Thursday, April 03, 2008


It's time to buy stock in chicken wire because it's going to take a lot of it if we are to start rounding up Chinese-American engineers in the aerospace and tech industries.
Prosecutors called Chi Mak the "perfect sleeper agent," though he hardly looked the part. For two decades, the bespectacled Chinese-born engineer lived quietly with his wife in a Los Angeles suburb, buying a house and holding a steady job with a U.S. defense contractor, which rewarded him with promotions and a security clearance. Colleagues remembered him as a hard worker who often took paperwork home at night.
I was always amazed at the amount of paperwork he would take home every night. I also wondered why he had a camera in his cigarette case and an ethernet port in the heel of his shoe.
The Chinese government, in an enterprise that one senior official likened to an "intellectual vacuum cleaner," has deployed a diverse network of professional spies, students, scientists and others to systematically collect U.S. know-how, the officials said. Some are trained in modern electronic techniques for snooping on wireless computer transactions. Others, such as Mak, are technical experts who have been in place for years and have blended into their communities.

Does anybody doubt that our grandchildren will be learning Mandarin in school and calling their principal "Chairman"? We teach our children Kwanzaa and Earth Day while the Chinese learn English and calculus then come take all the good jobs. Our cultures are polar opposites - ours is obsessed with the next quarter while theirs is equally concerned with the effect of every decision on their grandchildren's grandchildren. It takes us only a few months of crazy profiteering in the lending markets to nearly collapse our economy while the Chinese have the patience to seed our tech industries with loyalist moles who will not pay off for decades. It's just a matter of time before they rule the world.

"Chi Mak acknowledged that he had been placed in the United States more than 20 years earlier, in order to burrow into the defense-industrial establishment to steal secrets," Joel Brenner, the head of counterintelligence for the Office of the Director of National Intelligence, said in an interview. "It speaks of deep patience," he said, and is part of a pattern."

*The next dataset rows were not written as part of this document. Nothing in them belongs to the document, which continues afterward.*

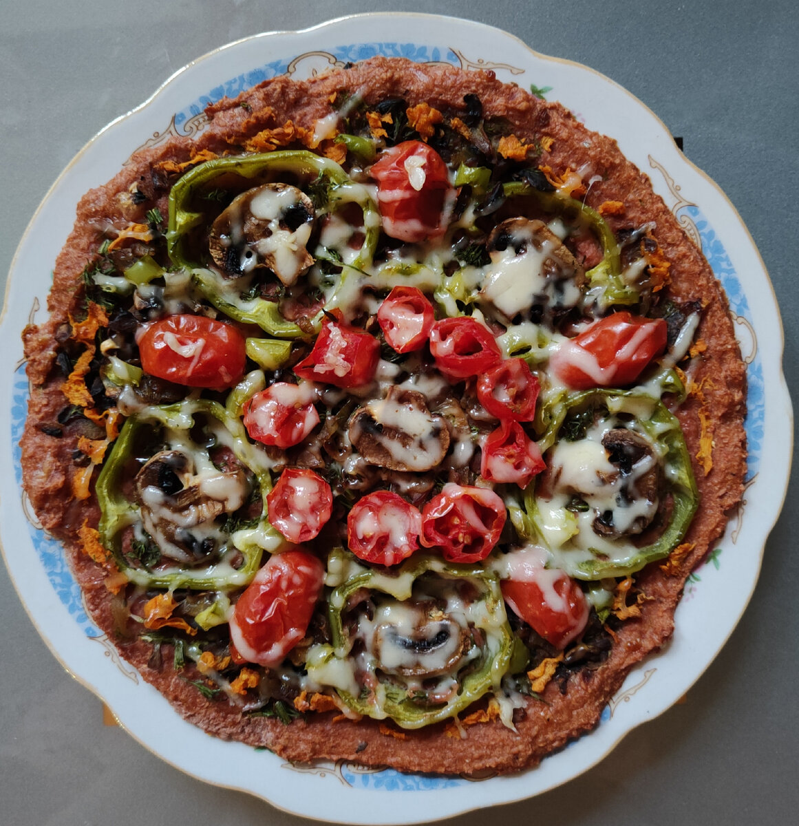Приветствую вас! Сегодня хочу предложить вам несколько блюд с грибами (шампиньонами). 1. Грибной суп-пюре. Его можно сварить и на мясном бульоне, а можно сделать и постным блюдом. Грибы, морковь, лук, зелень мелко порезать и обжарить на смазанной оливковым маслом сковороде (часть грибов нарезать пластинами для украшения) до готовности. Отложить грибы для украшения. Долить немного мясного, куриного бульона или воды и потушить ещё пару минут. Взбить в блендере. Украсить рукколой и грибами. 2. Овощная пицца с грибами (заглавное фото). Продолжение темы овощных пирогов. Основа - взбитые в блендере отварные овощи (цветная и краснокочанная капуста, мякоть томатов) с яйцом, овсяной и гречневой мукой. Вместо яйца можно взять крахмалистые овощи. Начинка - потушенные грибы с луком. Верхний слой - зелёный перец, томаты в собственном соку, грибы, тыква. Вместо сыра можно использовать пищевые дрожжи. Запекать в духовке до готовности. 3. Заливной пирог с овощами, курицей и грибами. Любые овощи на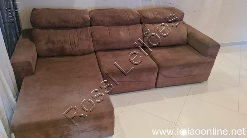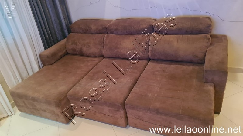 (8 itens) Sofá retratil medida 2,60 + Espelho 1,18 x 1,26 + Aparador 1,20 x 0,40 + Mesa 1,20 x 0,90 + 4 cadeiras.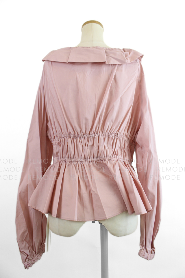 - くしゅっとしたギャザー入り襟元と長さ調節可能なリボンがポイントのフリルブラウス。ウエストを絞ったペプラムシルエットが女性らしさをそぎ、パンツやデニム合わせバレエでコアな旬スタイルが完成。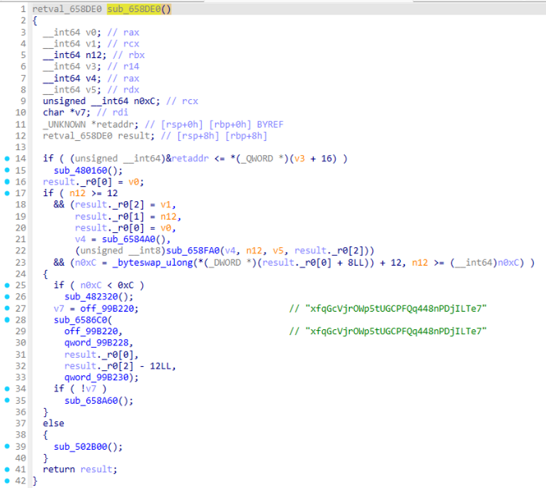 逆向这个Go主程序,一路定向到解密这里,发现是一个AES-256-GCM算法的解密

The Mongols took it to you on horseback and it was hard not to notice you were being invaded but this is an example of a modern invasion. It will not make the headlines and we will barely see it coming but some day we will suddenly realize that we are no longer the sole superpower.
At least the Bush administration has had the foresight to buck public opinion (and international treaties) to weaponize space. It was the great Chinese strategist Sun Tzu in The Art of War who taught us to always keep the high ground.


Sir Saunders said...

Remember the movie "Gung-ho" which was written smack dab in the middle of the 80's when it looked like the Japanese were going to take over? Well what happened? I even went to the great length to learn some conversational Japanese. Well there stock and real estate bubble burst and they were plunged into a horrific financial crisis...hmmmm...what a minute...maybe you have a point. Perhaps I will brush up on the Mandarin after all.

E said...

Fine application of Sun Tzu.

Tom said...

I think the planning is their weakness not their strength. The world changes too much to really plan ahead for generations. You’d have to say that their bureaucrats are somehow able to overcome careerism, petty rivalries, power struggles, and all of the other things that render our government agencies incompetent and then they have to predict the best course for 50 years hence. Their kind of planning like all central planning lags behind a laboratory of free people that can react to the current situation. Can you imagine what our country would be like if we were working from the plans set down by Eisenhower in 1958?